Cybersecurity Turns to AI Amid Generative AI Threat Surge: EY

The integration of AI into cybersecurity operations is no longer optional but a strategic necessity, writes EY in a new report. The company indicates that corporations are implementing these technologies to automate defense and optimize incident response. However, this rapid business adoption of Generative AI simultaneously introduces significant new vulnerabilities into the corporate ecosystem.

The fundamental reason behind this technological shift is the inability to manage the volume and sophistication of current threats using traditional methods. The financial system, for example, faces a number of security events that exceeds human capacity.

"We would not be able to manage that volume without ML and AI," says Gajan Ananthapavan, Global Head of Security Operations, Intelligence, and Influence, Australia and New Zealand Banking Group Limited (ANZ Bank). According to the EY report, this scenario highlights the growing reliance on intelligent automation to maintain operational resilience. The automation of about 30% of incident response at the bank, driven by machine learning and AI, provides a concrete and measurable use case.

The cybersecurity environment is characterized by a persistent shortage of specialized talent and a constantly expanding attack surface. In this scenario, efficiency becomes the primary performance indicator.

The EY report identifies a group of organizations it calls "Security Creators," which are distinguished by their mature cybersecurity functions. These entities demonstrate superior technological adoption: 62% of them already use or are in the final stages of implementing AI and machine learning, compared to 45% of other organizations.

This adoption gap translates into disparate operational results. The report says that "Security Creators" achieve cyber incident detection and response times that are over 50% faster than their peers. Proactive AI integration not only optimizes defense but also redefines the resource model, allowing these corporations to anticipate threats with less reliance on personnel and more efficient capital allocation.

AI is solidifying its role as the technological cornerstone of cybersecurity research and development. Data from the EY report shows it has been part of 59% of all cybersecurity patents since 2017.

Report Details and Projections

The implementation of AI in cybersecurity processes primarily covers incident detection, response and recovery. The quantitative benefits are significant. A CISO from a large asset management corporation in North America reported a reduction of at least 50% in the mean time to detect and respond. In terms of workdays, the "Security Creators" saved an average of more than 150 days in the full data breach management cycle.

Preliminary analysis from EY points to efficiency gains from using AI in cyber defense that can range from 15% to 40%. This frees up critical resources that can be reallocated to strategic initiatives.

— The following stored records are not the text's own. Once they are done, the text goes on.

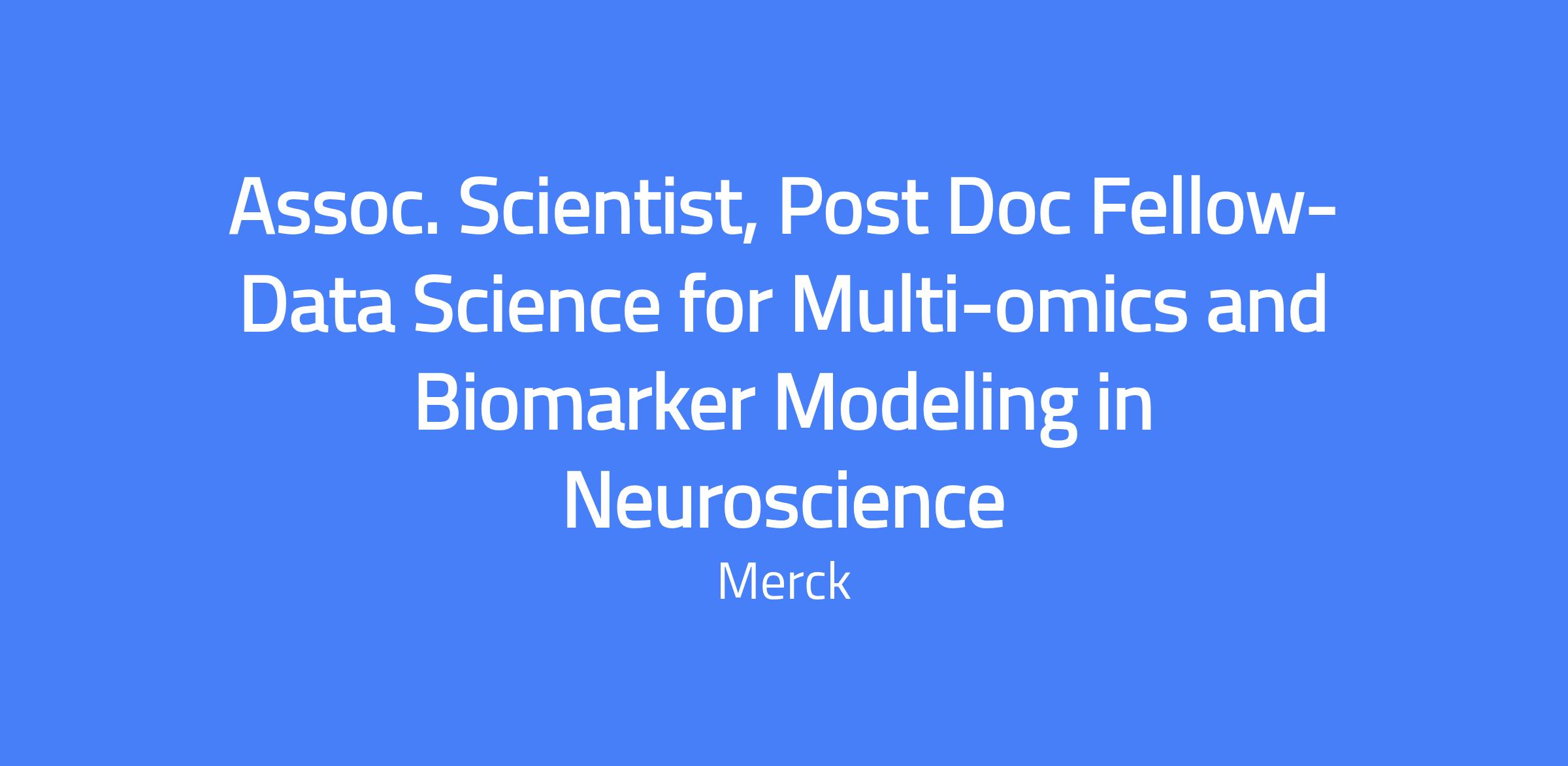 Assoc. Scientist, Post Doc Fellow - Data Science for Multi-omics and Biomarker Modeling in Neuroscience. Join the Neuroscience Translational Analytics team within Data, AI & Genome Sciences at our Cambridge site. The role will develop and apply AI/ML methods linking biofluid biomarkers with tissue-based multi-omics to drive precision patient subtyping and predictive modeling in neurodegenerative diseases, with a primary focus on Alzheimer's disease. You will design end-to-end ML pipelines and new algorithms for cross-cohort data ingestion, harmonization, modeling, validation, and delivery of tools for in silico target perturbation and biomarker dynamics prediction—centered on AD biology while ensuring methods generalize to other disease and therapeutic areas. You will work closely with data scientists, computational biologists, and neuroscientists to deliver benchmarked models and reusable codebases that enable patient subtype specific mechanism discovery.
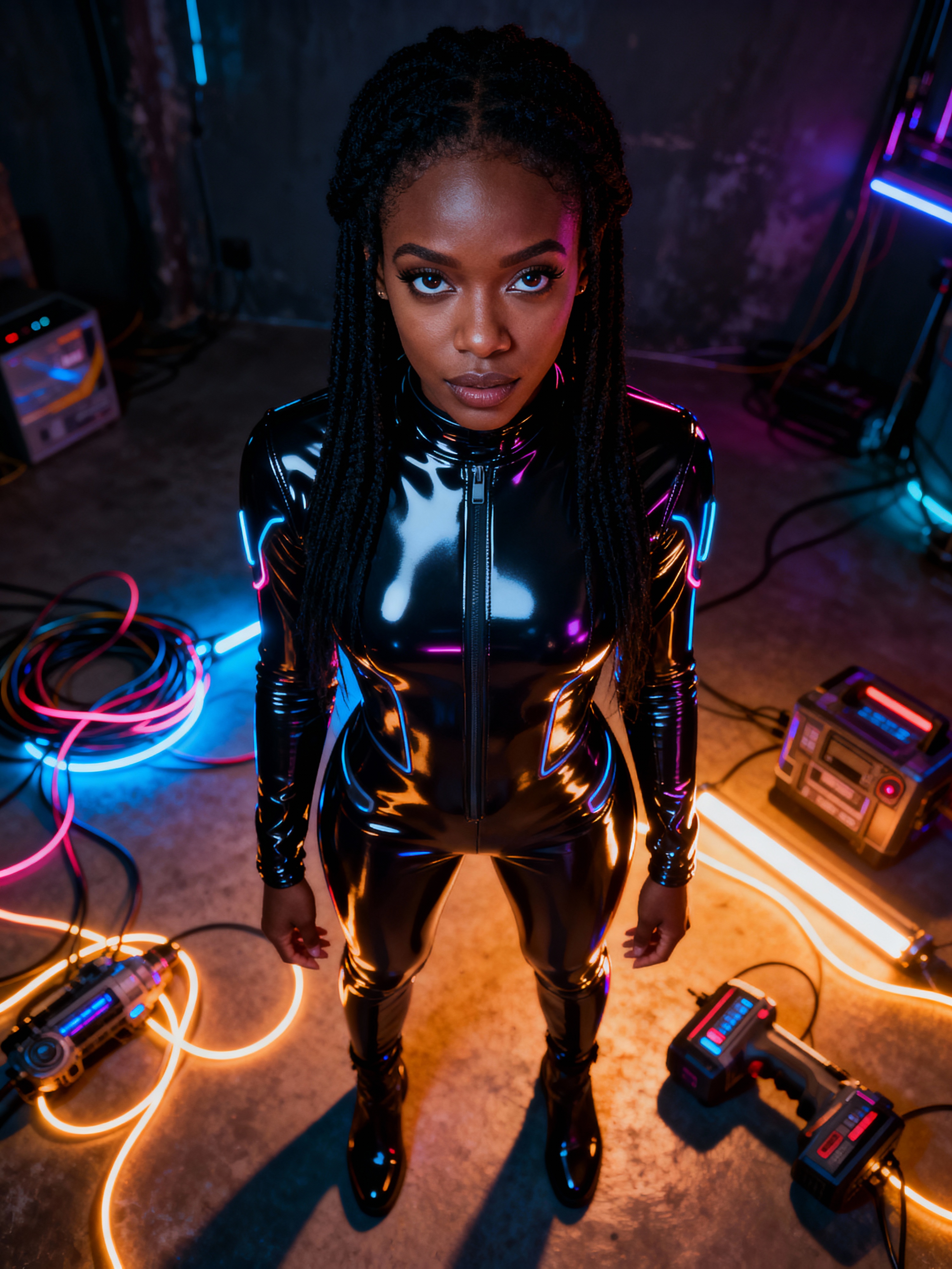 Full body photo of model in futuristic sci-fi latex glossy bodysuit illuminated by moody neon lighting. floor scattered with glowing cables and high-tech props. The scene evokes a gritty cyberpunk world with dark ambiance and electric colors, as her intense gaze pierces through the shadows.
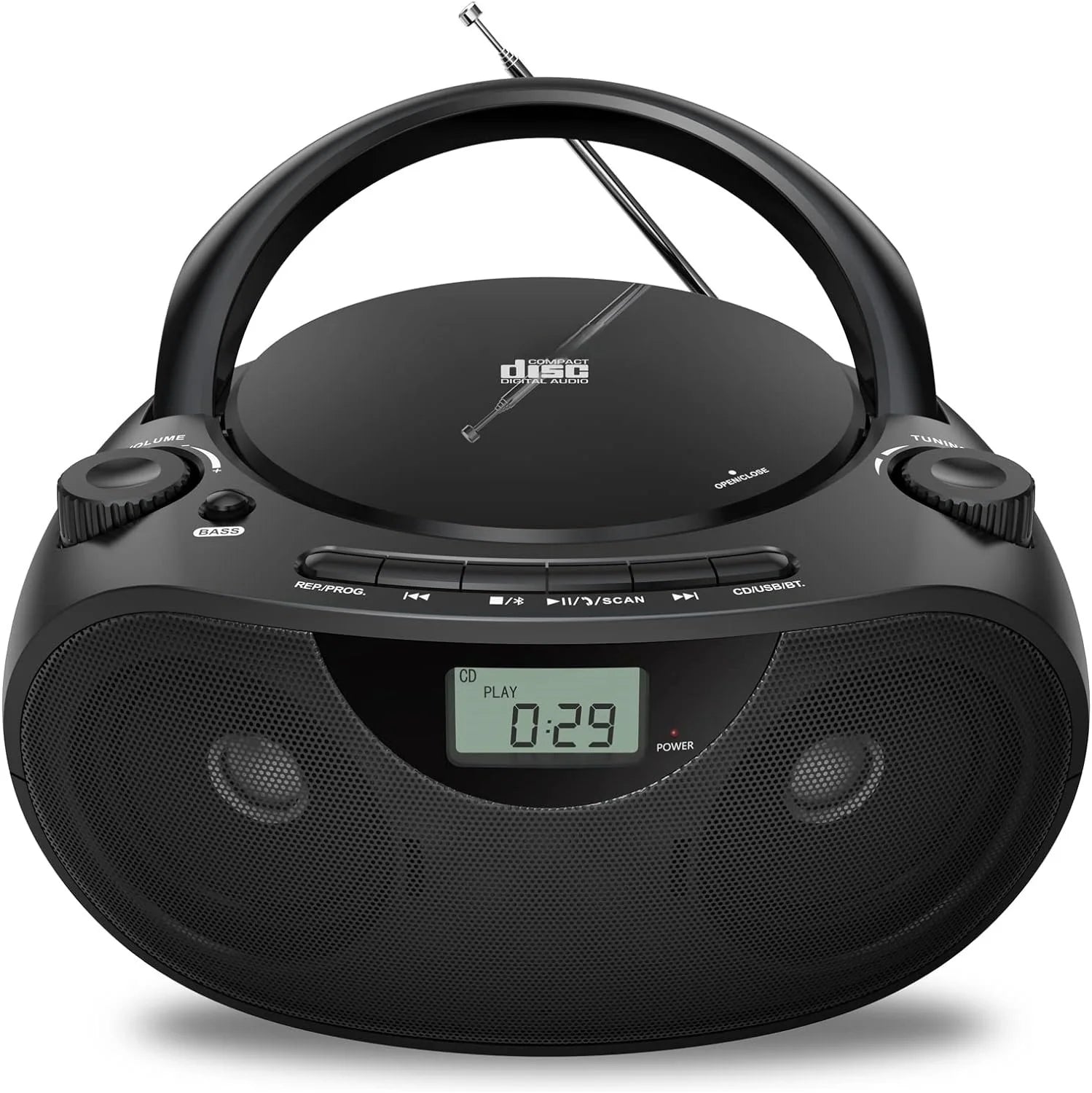Portable Stereo CD Player Boombox with AM/FM Radio, Bluetooth, USB, AUX-in, Headphone Jack, CD-R/RW and MP3 CDs Compatible for All Music
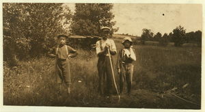 Rural Accident. Mr. Stewart is running a farm of 135 acres with the help of his wife and these two boys of eleven and twelve years. See Hine Report, August 1915.
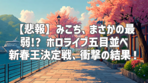 新年早々、ホロライブ全体を巻き込んだ一大イベント「新春🌸ホロライブ五目並べ最強最弱王決定戦🎍」が開催されました!主催は我らがエリート巫女、さくらみこちゃん。総勢20名以上のホロメンが参加し、最強の称号をかけて激戦を繰り広げました。しかし、蓋を開けてみれば、まさかの展開が…。そう、みこちが…最弱王に…!? 長時間配信で見逃した人も、もう一度あの衝撃を味わいたい人も、この記事で詳細をチェックしていきましょう!
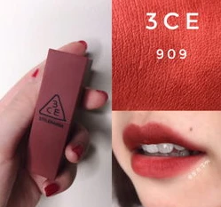 3、3ce色号909红棕色,这个色号的口红有一点点偏暗黑系,属于雾面哑光质地的,适合黄皮来使用,无论是薄涂还是厚涂的颜色都是偏土棕颜色的,有点像砖红色,比较适合秋冬季使用,唯一的缺点在于比较干。
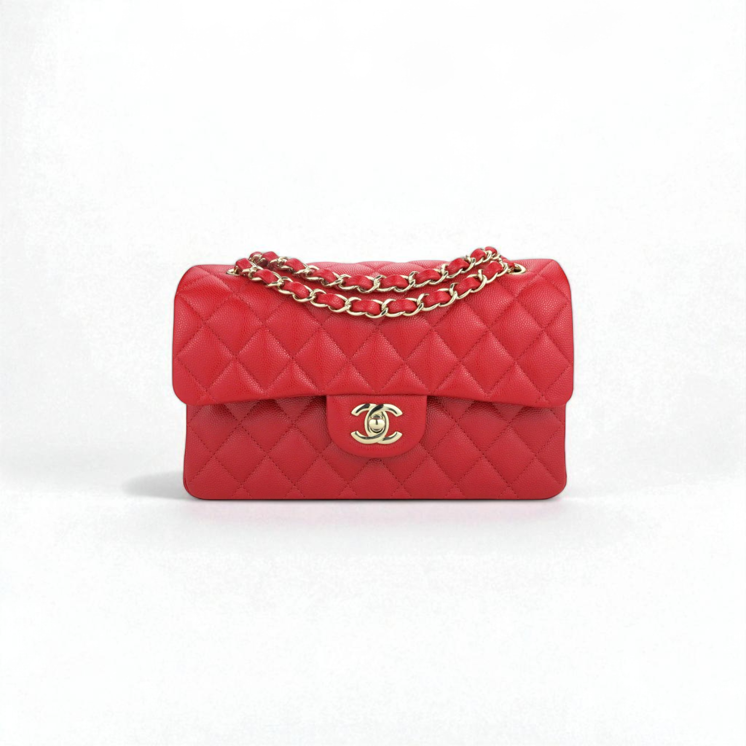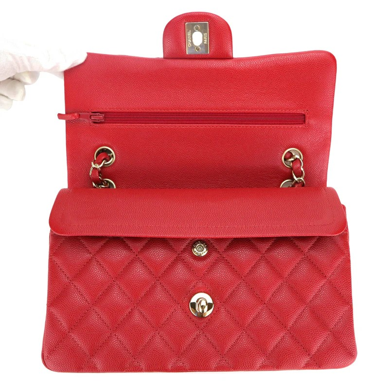 Materials Red Caviar Quilted Hardware Light Gold Hardware Size 23 cm
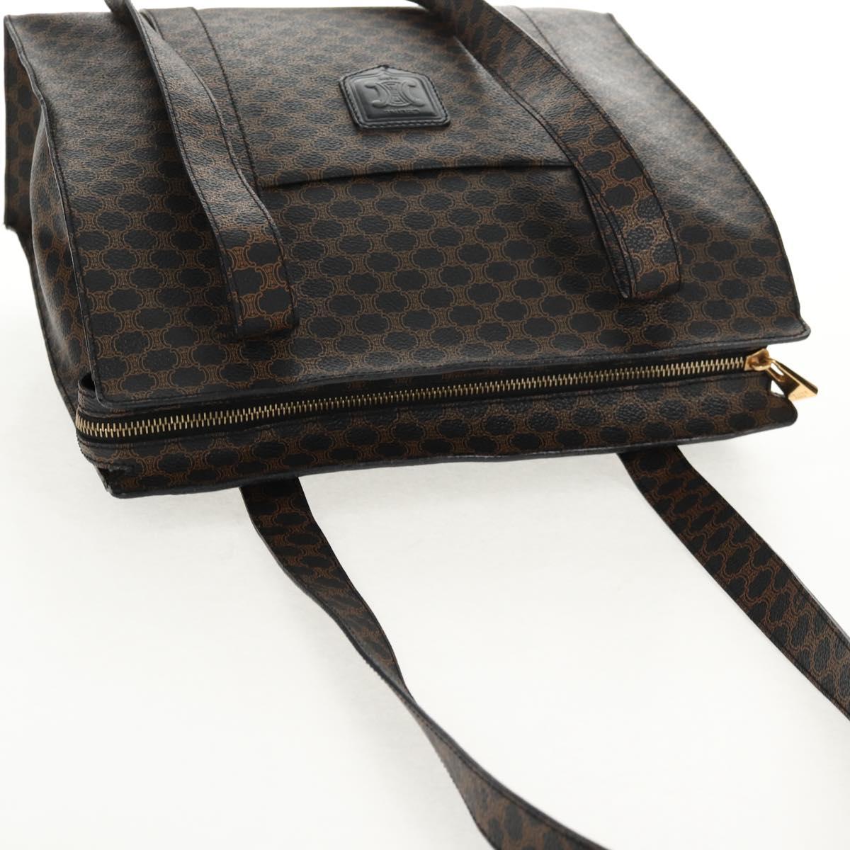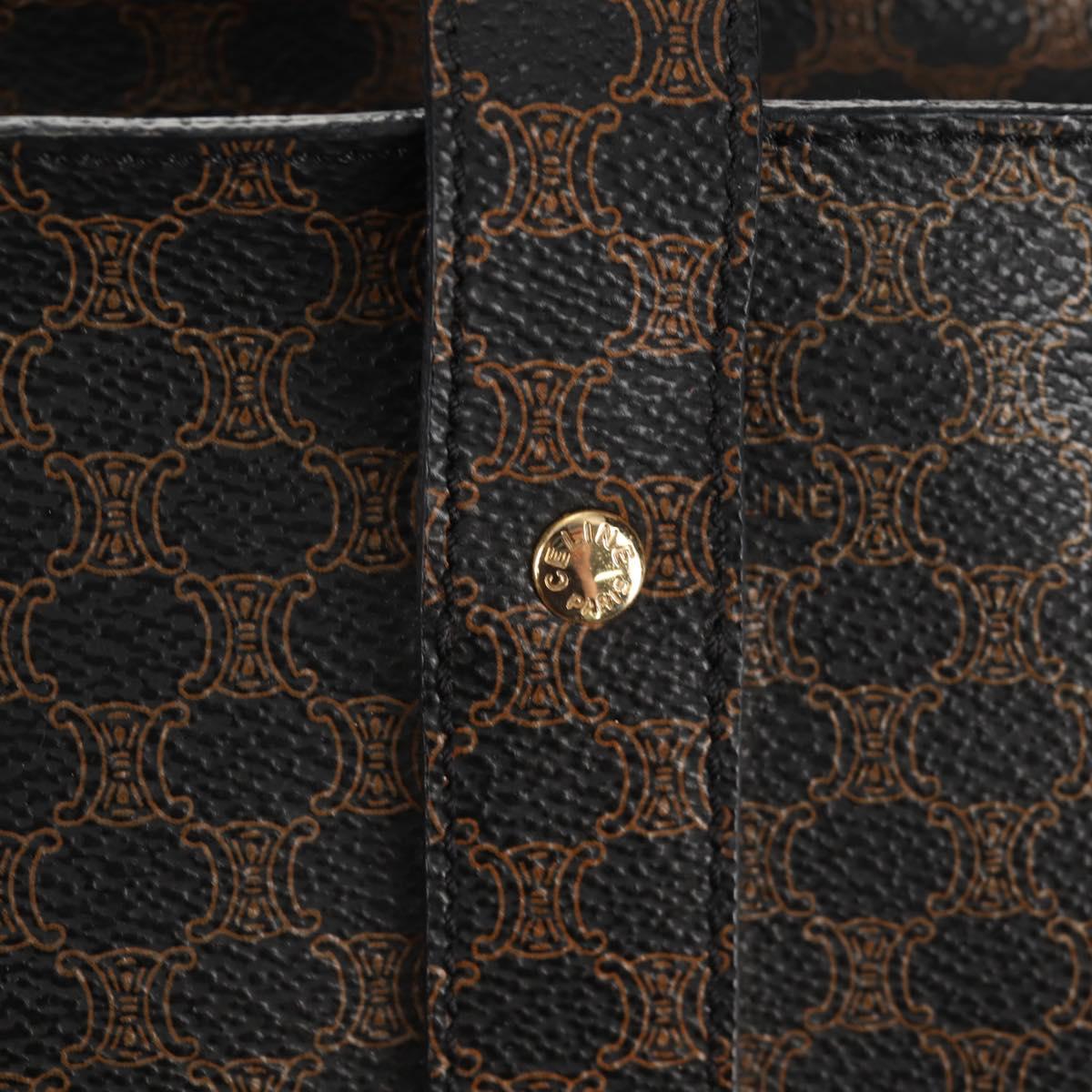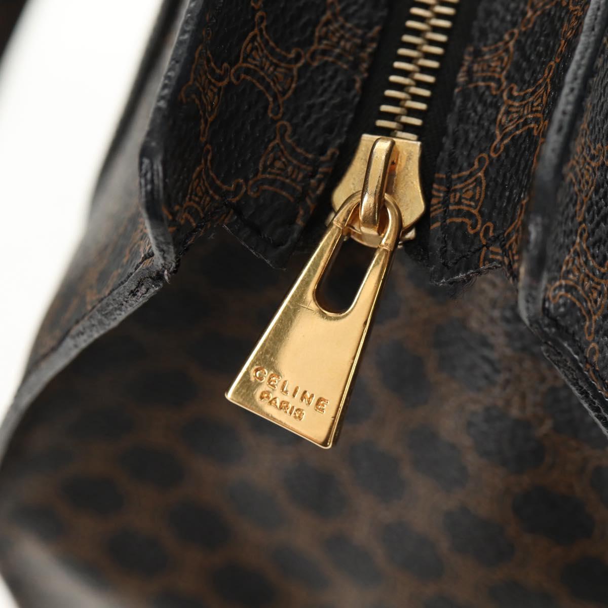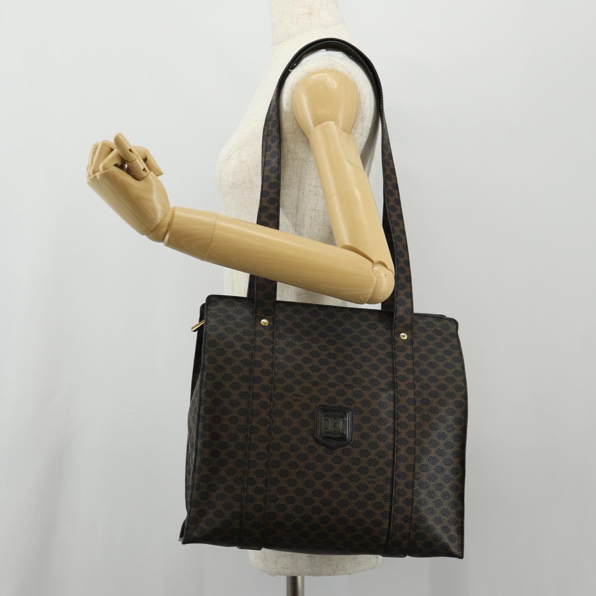 CELINE Macadam Canvas Shoulder Bag PVC Leather Black Gold Auth 146772V
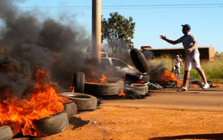 Depois de três acidentes em cinco dias e uma vítima fatal, moradores de Campo Verde bloquearam na manhã de hoje a BR-070, no cruzamento com a Avenida Vereador Clóvis César de Lima, na entrada dos bairros Cidade Alta e Jardim Campo Verde II, exigindo mais segurança no local. Liderados pela família do metalúrgico Alexandre Bonfate, que morreu na última quinta-feira (28) depois de ter se envolvido em um acidente no local há cerca de dez dias, os manifestantes colocaram fogo em uma barreira de pneus e impediram a passagem de veículos por mais de duas horas. Uma fila de aproximadamente dois quilômetros se formou nos dois lados da rodovia.
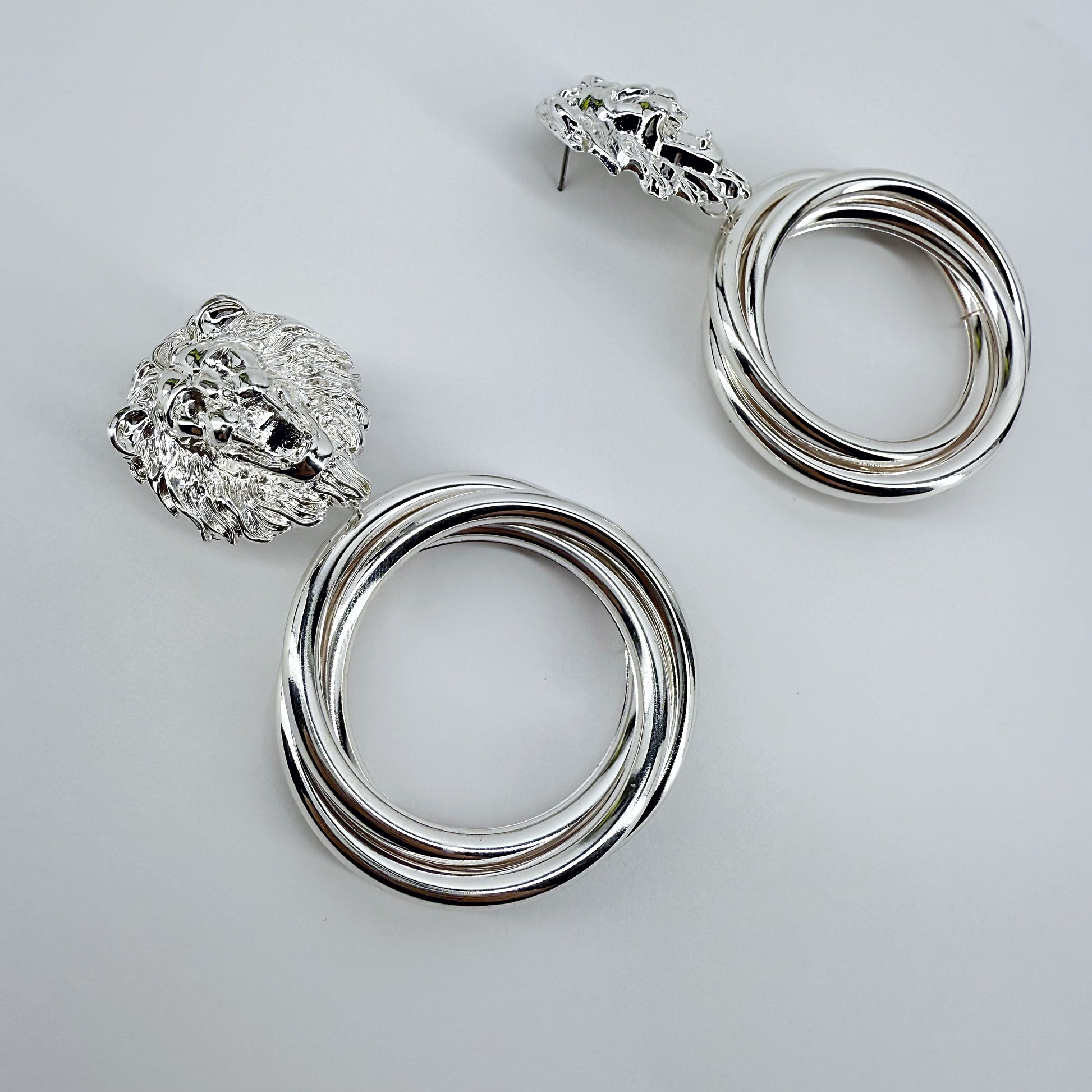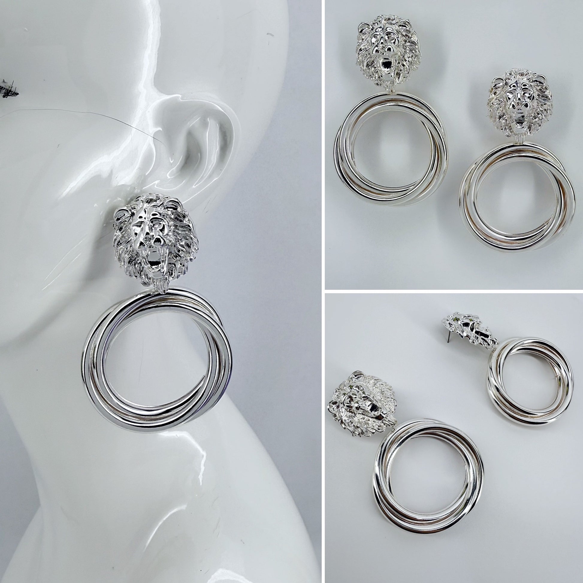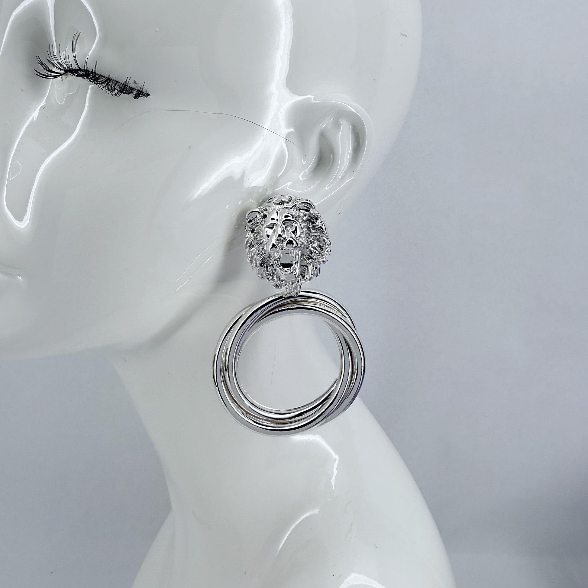 These silver-finished earrings feature a striking lion head design with triple rings that dangle elegantly. Crafted with metal post backs, they offer both style and secure comfort for everyday wear.

However, this transition is not without challenges. The primary warning for security leaders is the need to prepare existing infrastructure before scaling AI implementation. The report urges corporations to transform their technology stack before adopting automation and Generative AI. The consolidation of legacy infrastructures and the reduction of complexity are therefore essential prerequisites to maximize the return on AI investment.

Simultaneously, the rise of Generative AI in business functions creates a new risk vector. While cybersecurity teams focus on using AI for defense, the rest of the organization adopts Generative AI tools without adequate safeguards. This generates vulnerabilities that many security functions are not yet prepared to mitigate and positions the CISO in a crucial role: to evolve from a technological gatekeeper to a strategic enabler of digital transformation.

Going forward, CISOs are expected to take on the responsibility of guiding other business areas in integrating cybersecurity controls within their own AI models. In doing so, they not only protect the corporation but also enable a broader and more secure adoption of technology, generating value across the entire enterprise.